The data:
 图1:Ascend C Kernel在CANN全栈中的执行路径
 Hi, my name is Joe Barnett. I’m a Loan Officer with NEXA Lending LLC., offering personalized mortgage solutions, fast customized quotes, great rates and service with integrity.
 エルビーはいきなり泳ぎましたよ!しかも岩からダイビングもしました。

==

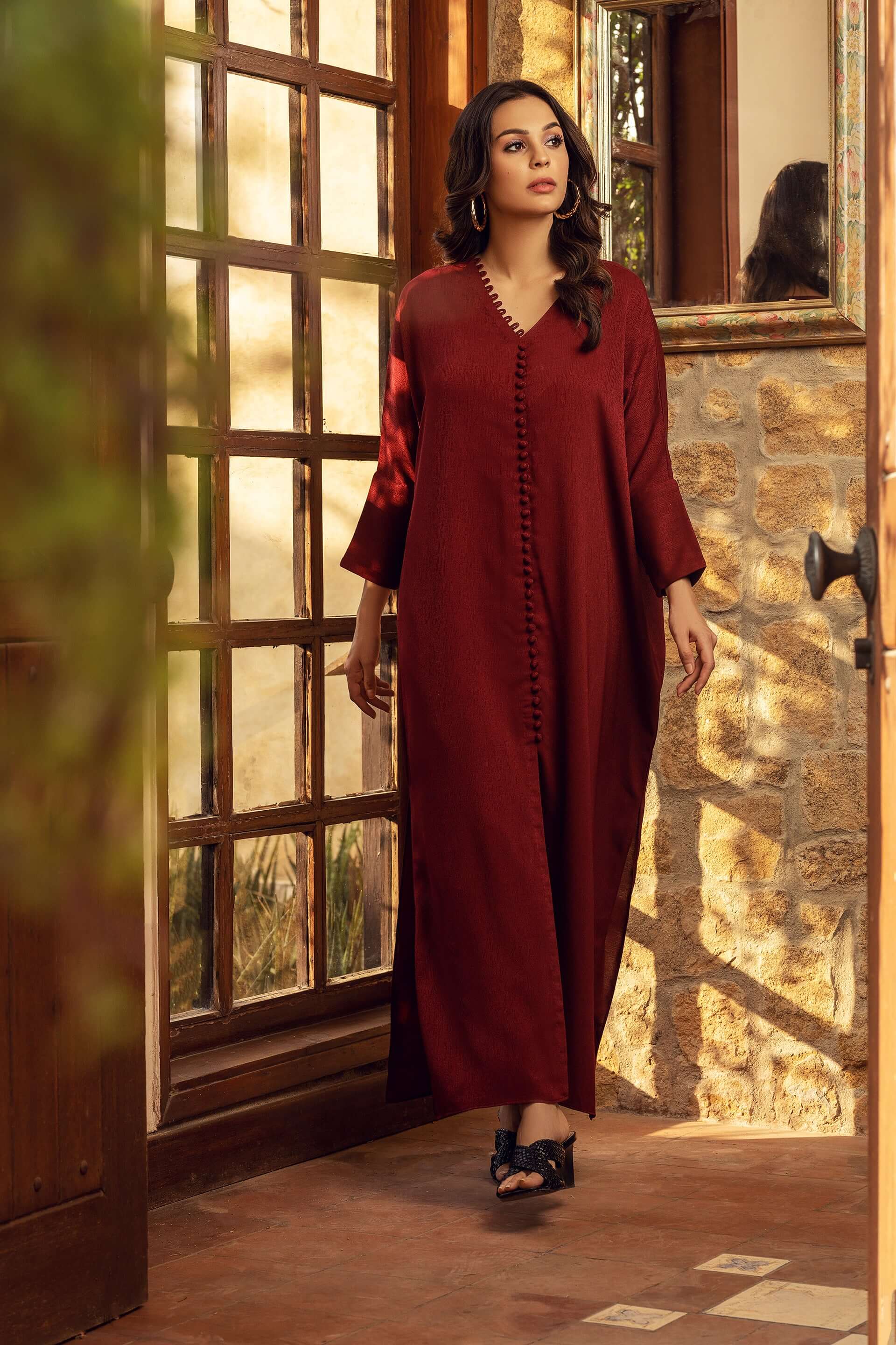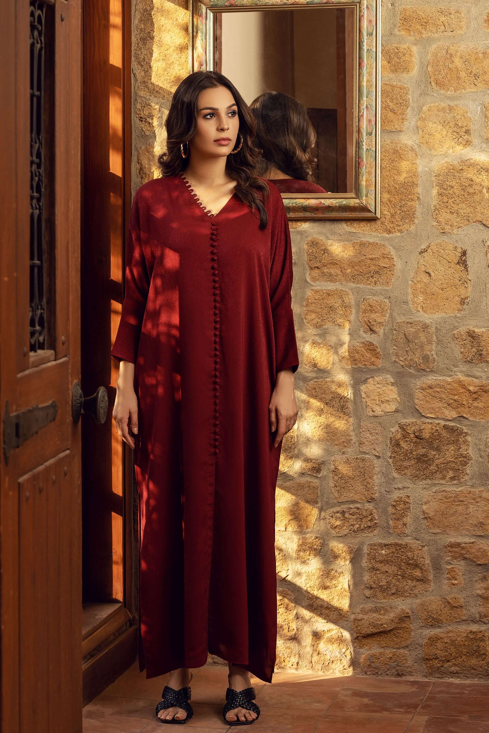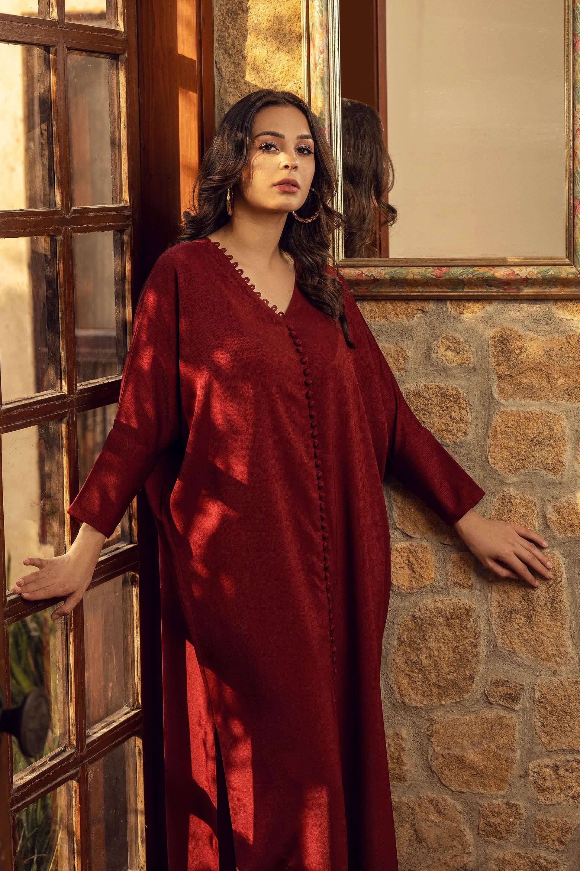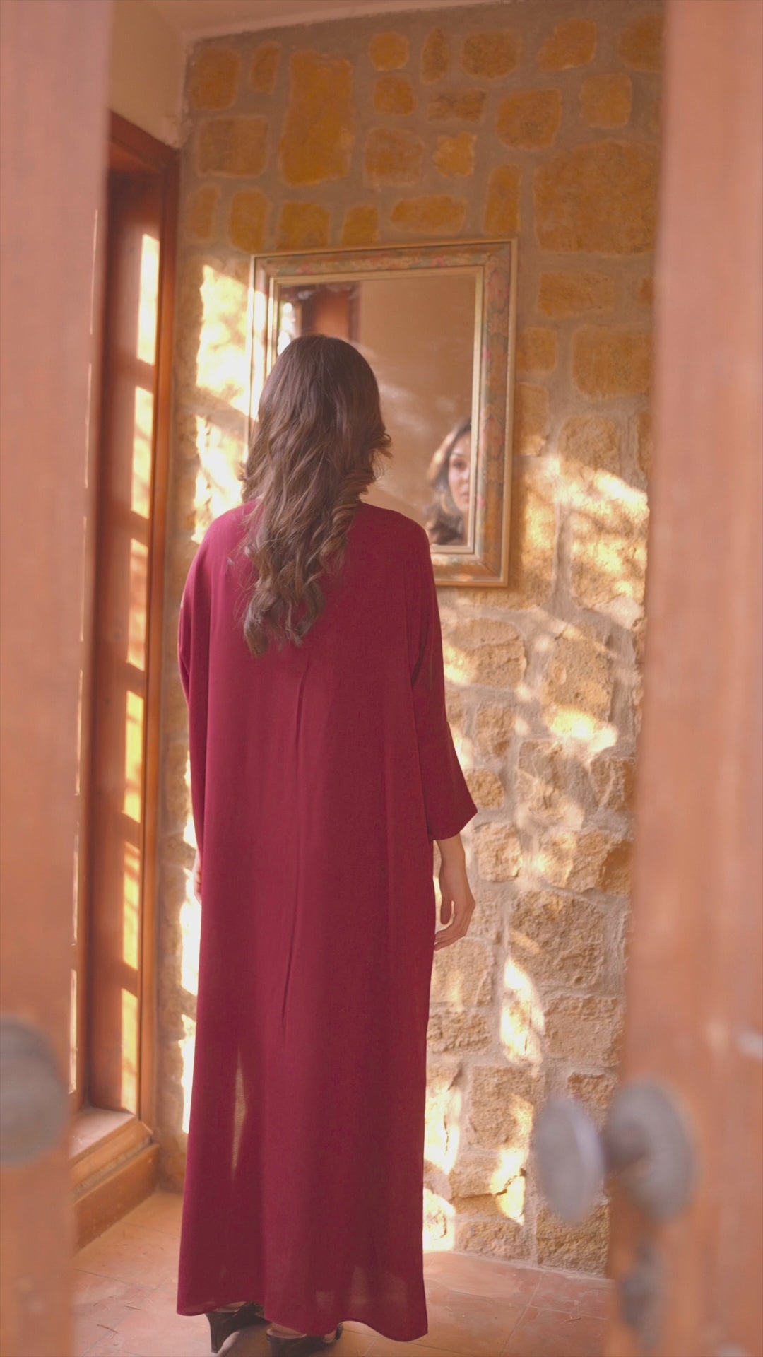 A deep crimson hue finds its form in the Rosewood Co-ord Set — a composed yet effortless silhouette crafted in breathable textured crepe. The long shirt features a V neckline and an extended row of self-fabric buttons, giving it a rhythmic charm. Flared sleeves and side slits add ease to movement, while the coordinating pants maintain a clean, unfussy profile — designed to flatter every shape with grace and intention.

What is expected:
Of all the entries above, repeat only the lines from the line that has "图1:Ascend C Kernel在CANN全栈中的执行路径" to the line that has "エルビーはいきなり泳ぎましたよ!しかも岩からダイビングもしました。", both lines included, exactly.

Result for this task:
 图1:Ascend C Kernel在CANN全栈中的执行路径
 Hi, my name is Joe Barnett. I’m a Loan Officer with NEXA Lending LLC., offering personalized mortgage solutions, fast customized quotes, great rates and service with integrity.
 エルビーはいきなり泳ぎましたよ!しかも岩からダイビングもしました。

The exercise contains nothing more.